Armed with the test results, the Innocence Project filed a petition for a writ of actual innocence with the Virginia Supreme Court last month. Also involved in the case is the Mid-Atlantic Innocence Project in Washington and the Washington law firm Skadden, Arps, Slate, Meagher & Flom LLP.
The case is on hold until January in the hope that further testing can completely eliminate the former husband as the source of the male DNA found on the slide.
Brown’s lawyers also have filed a civil appeal of his conviction contending his constitutional rights were violated by scientifically invalid expert trial testimony on hair and fiber evidence—the only forensic evidence linking Brown to the crime.
Brown was not charged with rape, but the presence of the DNA profile of an unknown male in the vaginal smear taken from the woman—who had a monogamous relationship with her husband—is powerful evidence that Brown did not commit the crime, argue his lawyers.
The Virginia Attorney General’s Office will have a chance to weigh in on that with the Virginia Supreme Court and may take a different view.

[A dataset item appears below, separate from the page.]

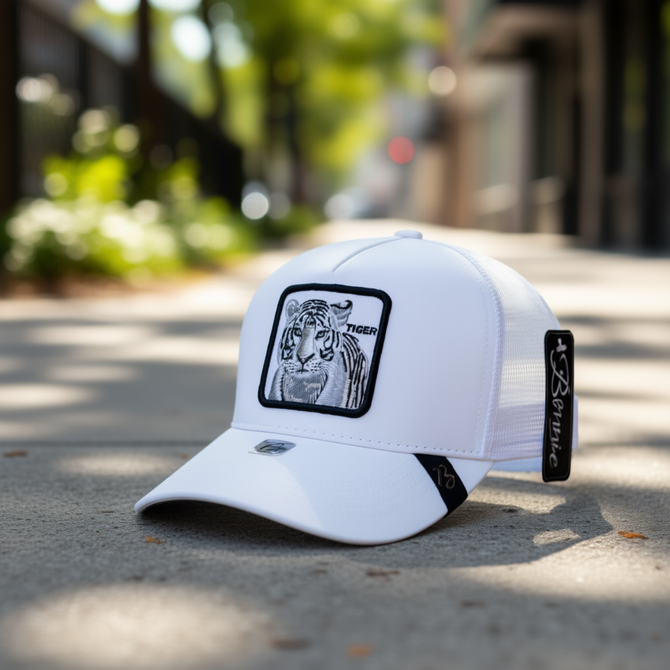 Casquette Trucker Bernie Tiger 6 Panneaux Réglable en Maille Unisexe pour Tenue Décontractée avec Patch Brodé à la Main sur le Devant

At the trial, authorities alleged Brown sexually assaulted the woman and then killed the boy and attempted to kill his mother to eliminate witnesses. In his closing argument, Downing Smith, one of the prosecutors, argued that Brown “tried to rape that mother or did rape her. We will never know.”
The woman was unconscious during the attack. But among other things, her underpants, which had been on when the assailant arrived, were off when she was found.
A surgeon, Dr. E. Merdith Alrich, testified he was called to the emergency room at the University of Virginia Hospital around 6 the evening of the crime.
He said that when he first saw the mother, she was conscious. But he said she was in shock and in critical condition, suffering from serious stab wounds to her torso. She also had head lacerations from blows rather than knife cuts.
While describing the various actions taken to treat her, Alrich testified, “At the instruction I guess of the sheriff, we called the GYN service to make an examination before she left the operating room.”
Evidence is taken from the vaginal/cervical area in rape cases with a swab and then used to create a microscope slide which is viewed to determine whether sperm is present. As the Oct. 2, 1969, report notes, sperm was found in the slide.
Neither the pathology report nor the slide were introduced at the trial—something defense attorney Robert P. Boyle noticed. If he knew about it, he feigned ignorance when attacking the prosecution’s case in his closing argument.
Boyle reminded the jury that “Dr. Alrich testified that when he finished, they sent her to the GYN man.”
“But he inspected her and no semen. You can be certain if they found it, they would have been here to testify to it. No semen, and the motive was supposed to have been rape,” Boyle argued.
The judge, the prosecutors and the defense lawyers all are deceased.
Frank Green writes for the Richmond Times-Dispatch.